Alongside the former anchors and entertainment, vendors were multiple major specialty stores, such as the Furnicenter, Agis Elektronik, Toko Gunung Agung, Karisma Modern Bookshop, Electronic Solution, and Tarra Megastore (a record shop that occasionally hosted press conferences for international artists coming to Jakarta, such as Stephen Gately in July 2000 and the A1 boyband in March 2001).
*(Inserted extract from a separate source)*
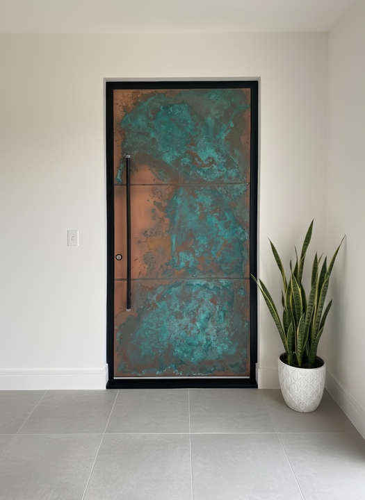 Входная дверь с отделкой «Патинированная медь» LUX-0331

More notable major tenants were the Warner Bros. Studio Store (which opened in January 1997), a Toyota showroom, a Mercedes-Benz showroom, Mango, La Senza, Zara (their first store in West Jakarta when it opened in 2006), and Sephora (opening in 2016 and closing late 2021).

Numerous international labels ranging from middle to upper segments have also opened in Mal Taman Anggrek, such as Tirta (casualwear collection of Iwan Tirta), Replay Country Store, Club Monaco, BOSS Hugo Boss, Aigner, Inscription Sonia Rykiel, Lacoste, Folli Follie, Mandarina Duck, Springfield Menswear, Linea Pelle, Chomel, Benetton, Paul Smith, Aldo, Guess, Guess Accessories, Ellesse Italia, Levi's, Clarks, Nine West, OshKosh B'gosh, Timberland, Rockport, Ocean Pacific, O'Neill, Pony International, Royal Elastics, Quiksilver, Chicco, Yves Rocher, Bata, Crocodile, VNC (Indonesian retailer of Vincci), Swatch, Steve Madden, Charles & Keith (one of their first two international boutiques when opening in 1998), Pedro, Tracce, and Everbest. Many fast fashion brands have also opened up shop throughout the years, such as Bossini, Esprit, Next, G2000, and U2. Many of these labels were flagship stores (such as Guess and Charles & Keith) and first stores in Indonesia (such as Inscription Sonia Rykiel, Mandarina Duck, O'Neill, Rockport, Pony International, Royal Elastics, VNC, and more).

Aside from specialty shops, many local and international food outlets have opened in Mal Taman Anggrek. La Brioche Dorée, Pizza Del Arte, Hartz Chicken Buffet, Samudra Seafood & Suki Restaurant are some of the 97 original food-and-beverage outlets which opened during Mal Taman Anggrek's early years of operations. Sizzler (later renamed American Grill due to an expired franchise license), Subway, HokBen, Da Niang Dumpling, Thai Express, Nando's, Jollibee, Popeyes, McDonald's, Eaton, Yogen Früz, Dunkin' Donuts, Arby's, Wendy's, and Nando's have also once opened an outlet here.

History of Matahari Group at Mal Taman Anggrek 
The Indonesian retail holding group, Matahari Department Store Tbk., has a lengthy history with Mal Taman Anggrek. Located at the North Wing of the mall, their first two concepts in the mall were first opened on 19 October 1996 - the Galeria Department Store and MegaKids. Dedicated to upper-end customers with a collection of brands such as Kenzo and Balenciaga, the 11.967 sqm, three-leveled Galeria store was located on the ground floor to the first floor of the mall - which also had a separate lobby. MegaKids, a children's goods megastore located on the second floor (right above Galeria), had fashion merchandise for children with in-house brands such as Little M and toys, along with a Timezone arcade (their first location in the mall before moving to the former SS Mega Dunia Main Sega on the third floor and opening another outlet that was more kids-oriented on the second floor), a Laser Quest, and an Alfa Zona soft-play playground - all in a 4557 sqm space. Another children's good store concept by Matahari, Kids2Kids, also opened a store in the mall's ground floor. Galeria and Mega M rebranded as Matahari, with all remaining outlets throughout Sumatera and Java being converted to the Matahari brand by 2003, but the Galeria and Megakidz brands continued to operate as such in Mal Taman Anggrek.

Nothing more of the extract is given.